=== Task ===
Scan the records below for the line with "Full green leather" and the line with "Feetham, en el", and retype that range exactly, both ends included, pictures excepted.

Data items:

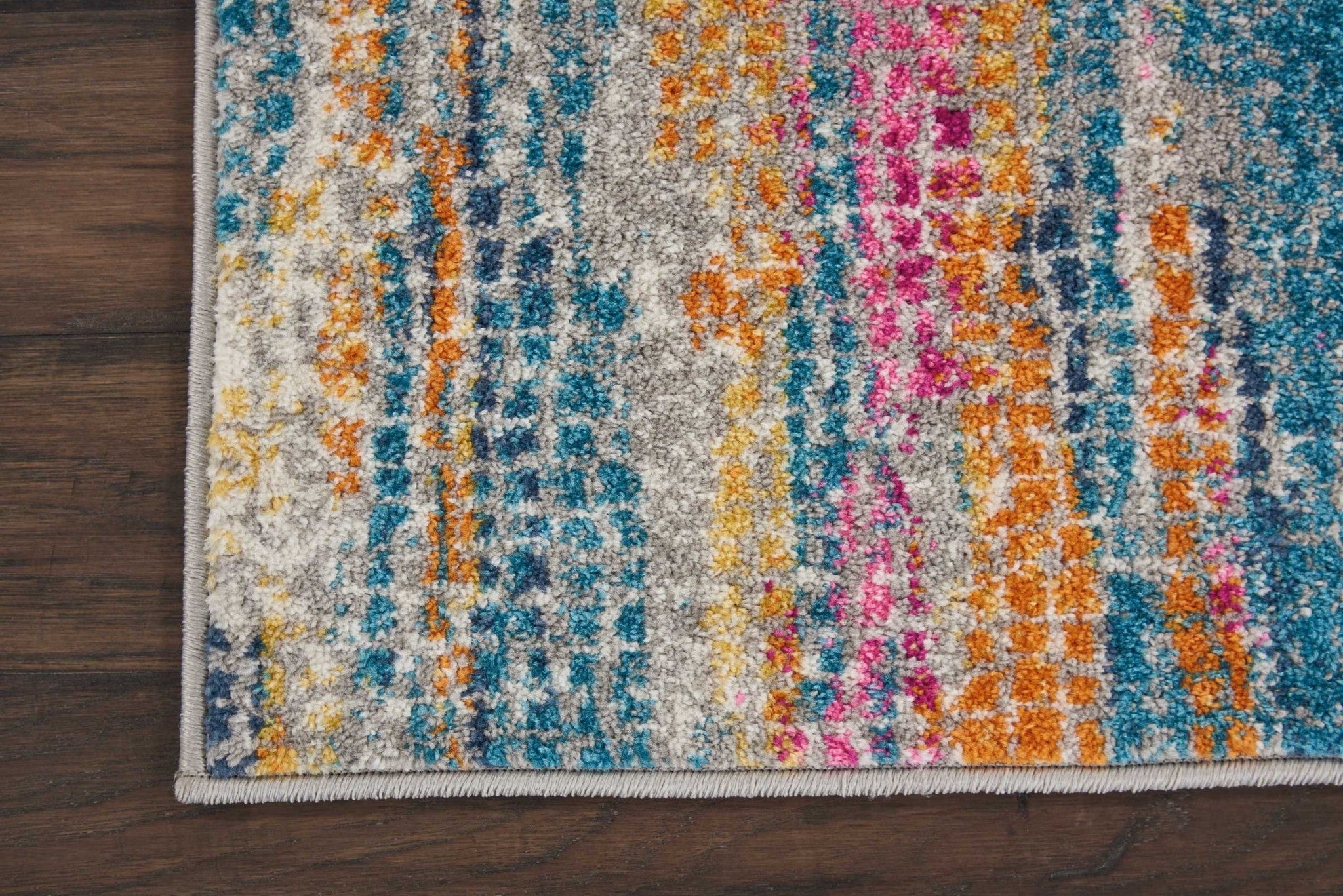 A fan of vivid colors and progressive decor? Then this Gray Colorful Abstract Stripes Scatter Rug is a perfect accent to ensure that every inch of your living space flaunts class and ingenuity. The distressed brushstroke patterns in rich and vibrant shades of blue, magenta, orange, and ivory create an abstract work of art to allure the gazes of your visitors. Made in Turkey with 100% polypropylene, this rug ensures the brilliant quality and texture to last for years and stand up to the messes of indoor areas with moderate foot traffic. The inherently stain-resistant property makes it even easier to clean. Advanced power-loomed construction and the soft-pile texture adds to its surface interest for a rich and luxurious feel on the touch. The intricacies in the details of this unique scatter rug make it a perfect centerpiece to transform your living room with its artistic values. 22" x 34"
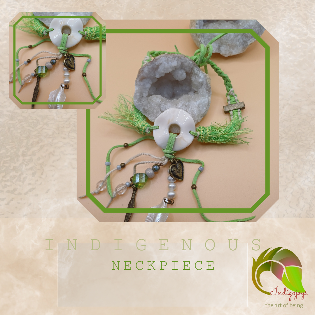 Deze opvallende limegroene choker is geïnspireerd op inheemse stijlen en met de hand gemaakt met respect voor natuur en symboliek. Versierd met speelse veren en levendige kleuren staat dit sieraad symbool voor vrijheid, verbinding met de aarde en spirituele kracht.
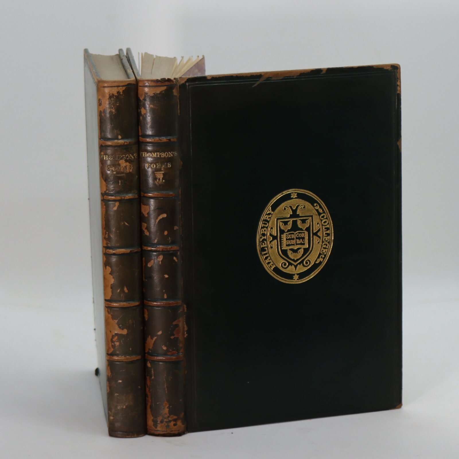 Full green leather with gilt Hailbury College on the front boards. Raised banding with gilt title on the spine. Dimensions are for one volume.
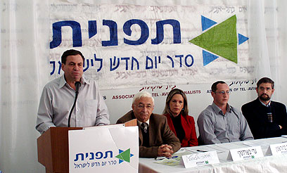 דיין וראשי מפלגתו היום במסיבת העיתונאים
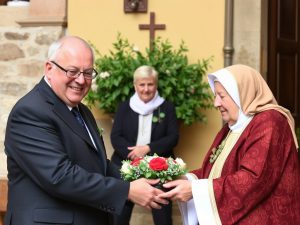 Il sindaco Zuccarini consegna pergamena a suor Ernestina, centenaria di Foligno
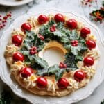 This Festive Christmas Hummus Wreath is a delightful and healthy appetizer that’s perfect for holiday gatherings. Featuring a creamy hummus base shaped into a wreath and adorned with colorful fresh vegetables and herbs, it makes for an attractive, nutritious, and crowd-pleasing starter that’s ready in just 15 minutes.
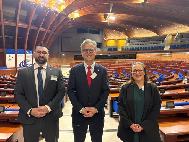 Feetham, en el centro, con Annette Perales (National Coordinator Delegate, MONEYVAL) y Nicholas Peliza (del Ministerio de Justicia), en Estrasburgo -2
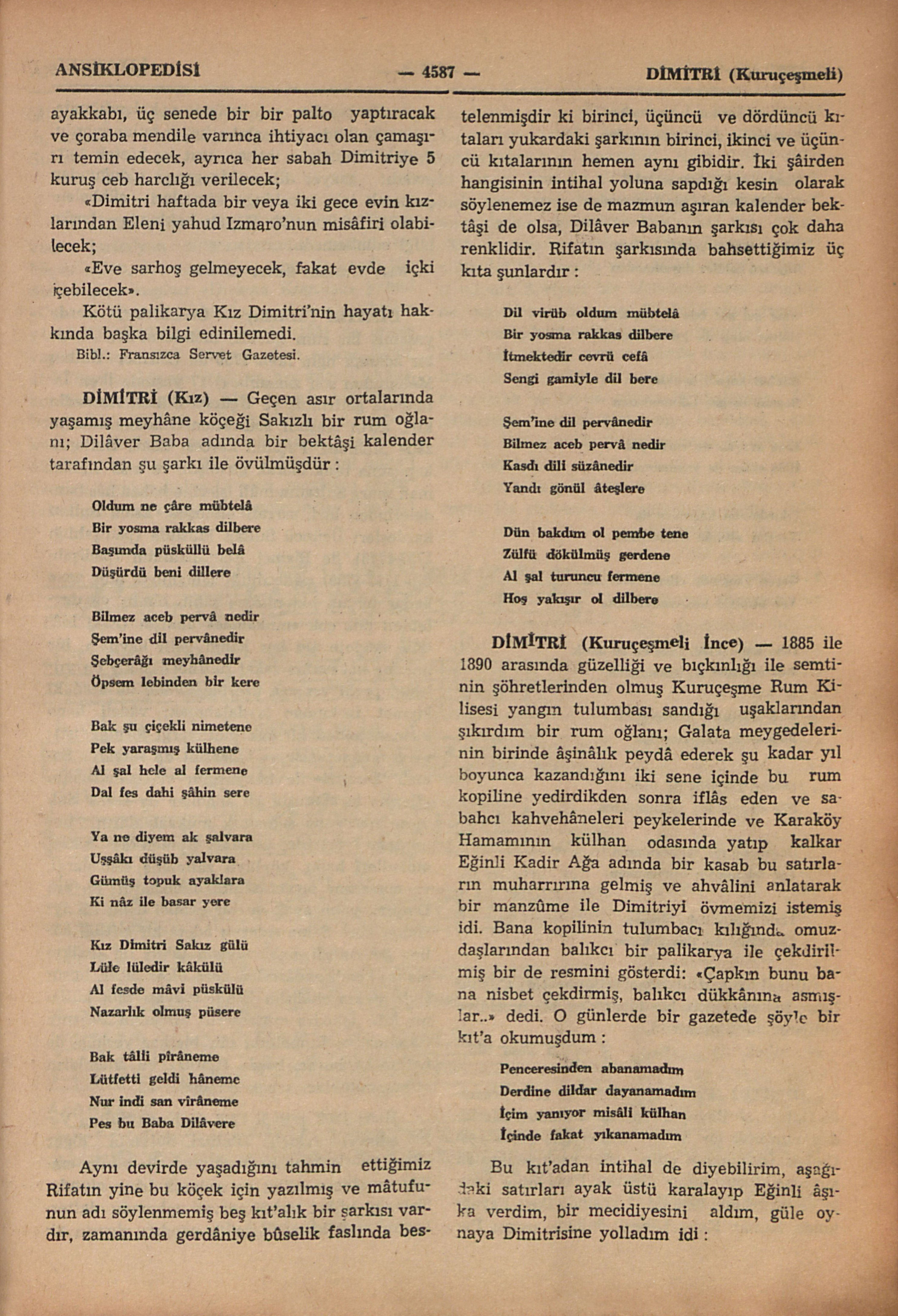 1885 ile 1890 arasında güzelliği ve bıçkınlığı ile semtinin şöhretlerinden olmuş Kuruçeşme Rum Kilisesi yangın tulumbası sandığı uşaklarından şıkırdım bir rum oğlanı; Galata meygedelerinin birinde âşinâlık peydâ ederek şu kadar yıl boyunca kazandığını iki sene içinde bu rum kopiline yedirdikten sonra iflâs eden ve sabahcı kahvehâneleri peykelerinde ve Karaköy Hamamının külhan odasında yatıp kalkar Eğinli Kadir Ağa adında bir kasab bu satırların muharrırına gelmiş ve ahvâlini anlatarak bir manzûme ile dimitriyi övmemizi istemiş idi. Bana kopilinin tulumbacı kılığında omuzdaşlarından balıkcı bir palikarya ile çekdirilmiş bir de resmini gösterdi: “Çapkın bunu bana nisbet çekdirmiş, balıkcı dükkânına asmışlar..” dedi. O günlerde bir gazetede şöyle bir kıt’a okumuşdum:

=== Task output ===
 Full green leather with gilt Hailbury College on the front boards. Raised banding with gilt title on the spine. Dimensions are for one volume.
 דיין וראשי מפלגתו היום במסיבת העיתונאים
 Il sindaco Zuccarini consegna pergamena a suor Ernestina, centenaria di Foligno
 This Festive Christmas Hummus Wreath is a delightful and healthy appetizer that’s perfect for holiday gatherings. Featuring a creamy hummus base shaped into a wreath and adorned with colorful fresh vegetables and herbs, it makes for an attractive, nutritious, and crowd-pleasing starter that’s ready in just 15 minutes.
 Feetham, en el centro, con Annette Perales (National Coordinator Delegate, MONEYVAL) y Nicholas Peliza (del Ministerio de Justicia), en Estrasburgo -2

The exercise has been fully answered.